We attempted to estimate the uncertainties in three ways. The first was from the inversion using the ‘acceptable misfit’ concept applied on multi-parametrization results. This option probably underestimates the real uncertainty. The second option consisted of the use of the Rayleigh experimental dispersion-curve standard deviations at the wavelength of 40 m (i.e., when the dispersion curve was ‘available’ at this wavelength, and when the dispersion curve corresponded to the fundamental Rayleigh mode). Indeed, some studies have shown that this value is a good proxy of the V_S30 (Martin and Diehl 2004; Albarello and Gargani 2010). For some sites where the dispersion curves were not strictly available at 40 m, we slightly extrapolated (or interpolated) dispersion curves to get the standard deviation at 40 m. The third option was to apply a ‘minimum’ fixed coefficient of variation based on the InterPacific project feedback (Garofalo et al. 2016b) for the variability between the various analysts on the ‘best’ V_S estimates. This minimum coefficient of variation was set at 10% when the R0 dispersion curve was available at λ = 40 m, and was set at 20% when it was not available (this was often the case when only the MASW experiments were usable). Obviously, these ‘uncertainty estimates’ were not comparable to one another. However, due to a lack of scientific consensus and any well-established method to quantify the uncertainty of inverted V_S profiles (Cornou et al. 2006; Di Giulio et al. 2012; Michel et al. 2014; Cox and Teague 2016), we finally chose the ‘worst’ uncertainty estimation.
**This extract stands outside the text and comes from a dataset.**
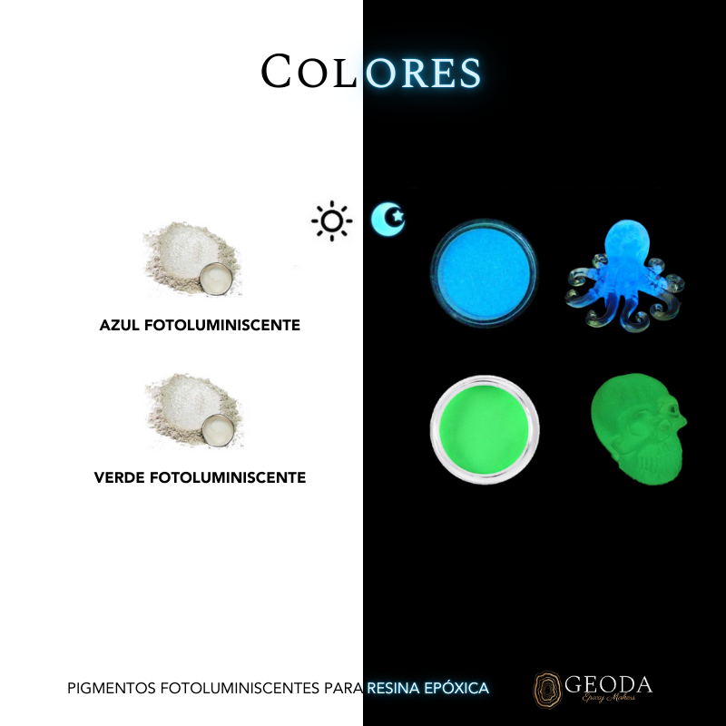 Los pigmentos fotoluminiscentes para resina epóxica son pigmentos en polvo especialmente formulados para crear efectos que brillan en la oscuridad.

In Table 3, the ‘σ source’ column gives the chosen uncertainty estimates:

• 1: based on the acceptable misfit, mutli-parametrization approach;

• 2: based on a fixed minimum 10% uncertainty;

• 3: based on a fixed minimum 20% uncertainty;

• 4: based on the dispersion-curve uncertainty at λ = 40 m;

• 5: large uncertainty in the case of V_S30 roughly estimated for the V_S refraction data.
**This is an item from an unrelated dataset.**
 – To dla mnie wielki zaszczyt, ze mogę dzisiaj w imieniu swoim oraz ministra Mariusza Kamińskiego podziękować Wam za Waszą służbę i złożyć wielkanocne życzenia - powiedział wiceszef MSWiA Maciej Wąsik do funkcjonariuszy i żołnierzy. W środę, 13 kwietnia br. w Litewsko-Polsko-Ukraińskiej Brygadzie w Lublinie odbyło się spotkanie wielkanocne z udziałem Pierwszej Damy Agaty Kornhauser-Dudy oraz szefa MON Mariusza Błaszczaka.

In Table 3, the ‘site V_S30’ and ‘station V_S30’ were distinguished. The site V_S30 corresponds to values computed from the surface to 30 m, inferred directly from the survey. In some cases, the accelerometric station was not installed at the surface, but at a certain depth (e.g., when the station was installed in the basement of a building). In this case, a second value was computed, from h to h + 30 m, where h is the sensor depth. This value corresponds to the ‘station V_S30’ value. In our study, the maximum station depth is 5 m. When the ‘station V_S30’ values are higher than the ‘site V_S30’ values, this means that the shallower (and often softer) layers are not accounted for in the calculation. In Table 3, the uncertainties values are associated to the “station V_S30”. When this uncertainty comes from the experimental dispersion-curve standard deviation at the wavelength of 40 m, no distinction is made between site and station V_S30 since there are no significant differences between 40 and 45 m on the dispersion curves in terms of in standard deviation.

A comparison between the present study and the previous studies can be carried out. For example, Régnier et al. (2010) gathered a wide range of pre-existing geophysical and geotechnical information in the vicinity of the RAP sites. However, the sources of this information were very heterogeneous and the soil conditions of numerous stations were inferred from very indirect inputs, such as geological maps. The comparison between the present work and the previous one by Régnier et al. (2010) can be carried out for 28 sites. Among these stations:

• 3 previously assumed ‘A class’ stations now ‘downgraded’ to B class;

• 1 previously assumed ‘B class’ station now ‘downgraded’ to C class;

• 2 previously assumed ‘C class’ stations now ‘downgraded’ to D class.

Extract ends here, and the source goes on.